Across Trials for Clinical Data
The clinical data job supports loading associations between the facts and the Across Trials tree.
For the across trials data to be loaded, an extra file is needed (henceforth "the across trials file"). The path to this file must be provided through the
XTRIAL_FILE parameter. This can either be provided through in the command line with the
-d parameter or it can be included in the
The across trials file shall be a tab-delimited file with two columns. The first row will be ignored. The first column ("study prefix column") shall contain prefixes to concepts in the study (without the top node), while the second column ("across trials prefix column") shall contain prefixes to the concepts in Across Trials tree (as in database, without the
\Across Trials prefix. Both column's values should end and start with
\. If any value in either of the columns does not end or start with
\, it will be implicitly added.
For each study concept: the longest matching prefix specified in the study prefix column will be searched.
- If no prefix matches, there will be no across trials mapping to that specific concept.
- If there is one:
- it will be stripped from the study concept, leaving only the part after the matched prefix (could be an empty string).
- The result will then be appended to the corresponding value of the across trials prefix column.
- An across trials concept with this value (ignoring the initial
\Across Trials\part) will be searched for.
- If it is not found, a warning will be logged and no mapping will be applied to the this study concept.
- If it is found, then the type if checked.
- If there is a type mismatch between the study concept and the across trials concept, an error will be logged (but the job will not be aborted) and no mapping will be used.
- If the types match, the study concept in question will be mapped to the found across trials concept.
(this information presented in this section is subject to change without notice)
It is only possible to determine the full set of study concepts and their types once the full data has been read, and therefore it's only possible to determine all the across trials nodes used then.

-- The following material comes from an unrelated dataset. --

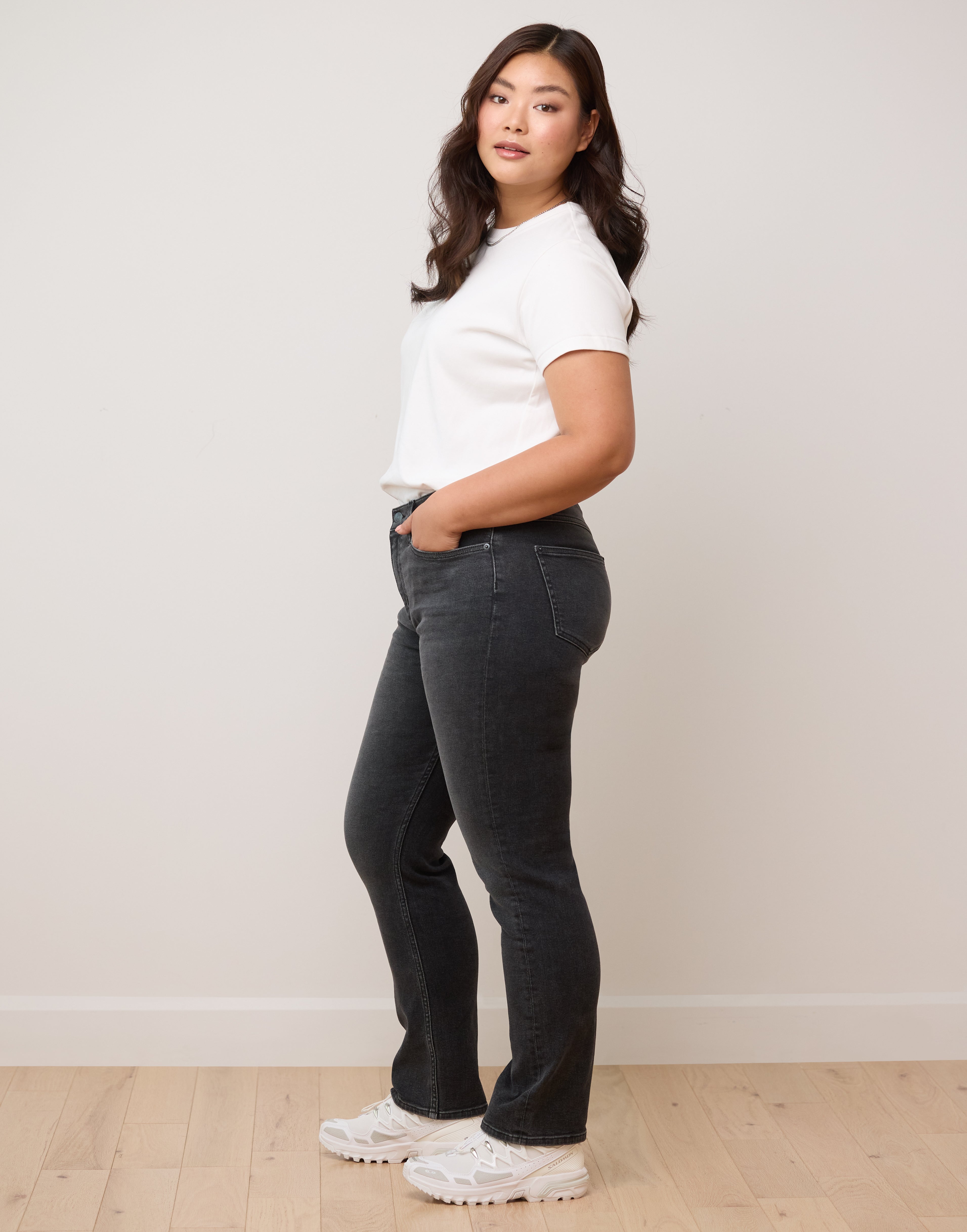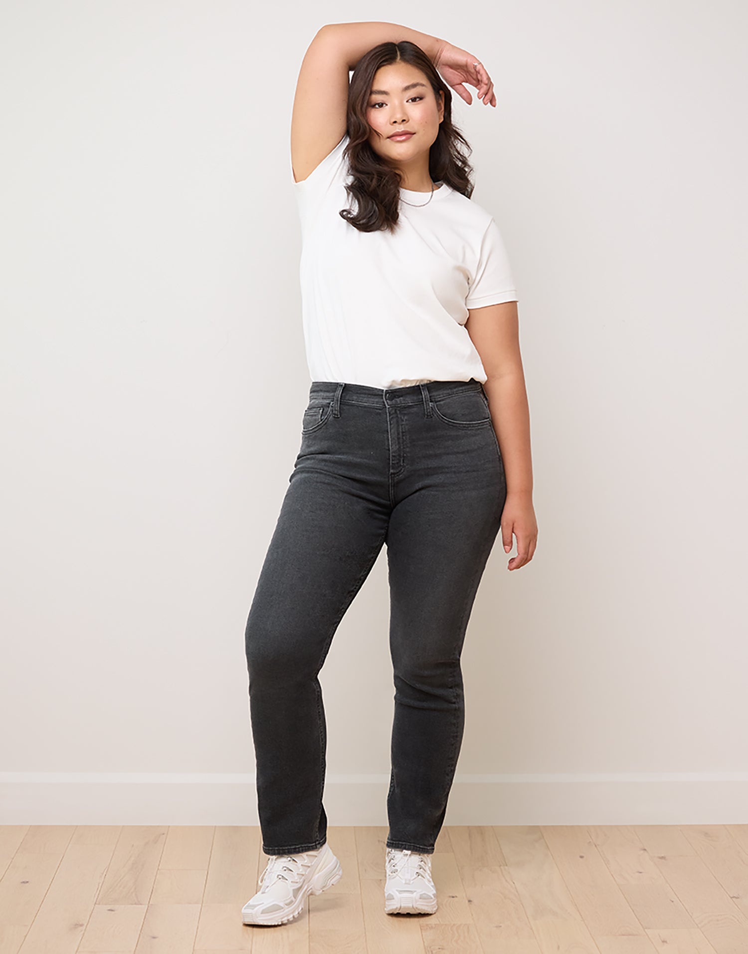 These jeans are a dark charcoal wash inspired by vintage character with light fading at the thighs, subtle whiskers, ...

But on the other hand, when each fact is inserted, its across trials mapping must already be known (lest we go through an expensive update step later). This means that we must either load the across trials nodes on demand, or we must preload a superset of the across trials nodes we're going to need. We chose the latter option because it minimizes latency.

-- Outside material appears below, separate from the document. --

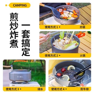 户外锅具露营炊具野炊装 备全套野营烧水壶厨具煎煮锅套锅便携套装

In retrospective, it would have been better to implement two passes on the data, one to fully determine the metadata properties (patient data, concepts, and so on), and another to actually insert the data. But under the current one-pass, the implementation for across trial follows these lines:
- Read the across trials file at the same time as the other mapping files. Store the information in memory. This will be an
allowStartIfCompletestep (has to be executed on restarts).

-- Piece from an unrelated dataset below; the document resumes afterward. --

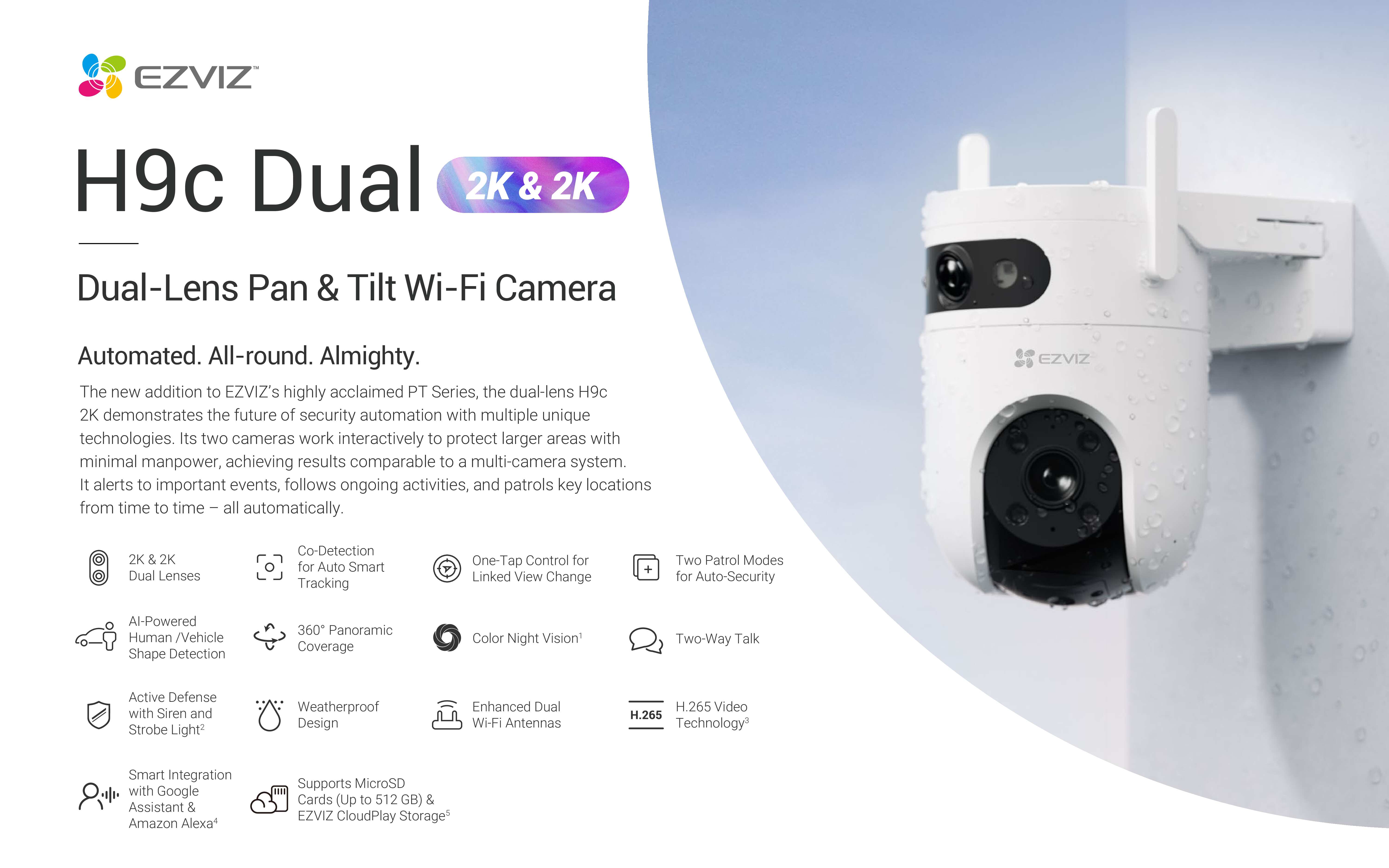 The Ezviz H9C delivers incredible 2K⁺ resolution with dual 3MP lenses for panoramic views. Featuring AI-powered human and vehicle shape detection, it ensures smarter security with Color Night Vision. Enjoy enhanced safety with two-way calling, CoDetection for auto smart tracking, and two patrol modes for auto security. One-tap linked view control makes monitoring simple, and 512GB storage ensures ample space for all your footage.

- Determine the set of across trial prefixes that are not prefixes of other prefixes and load all the across trials concepts below these prefixes. A more memory friendly strategy would be to join the data in the across trials file with that in the column mapping file and load a smaller set of across trials nodes from the data; but even there the minimal set would not be determinable (at this point we don't know the needed children for categorical concepts and we don't even know which concepts are categorical).
- All the required information is now in memory.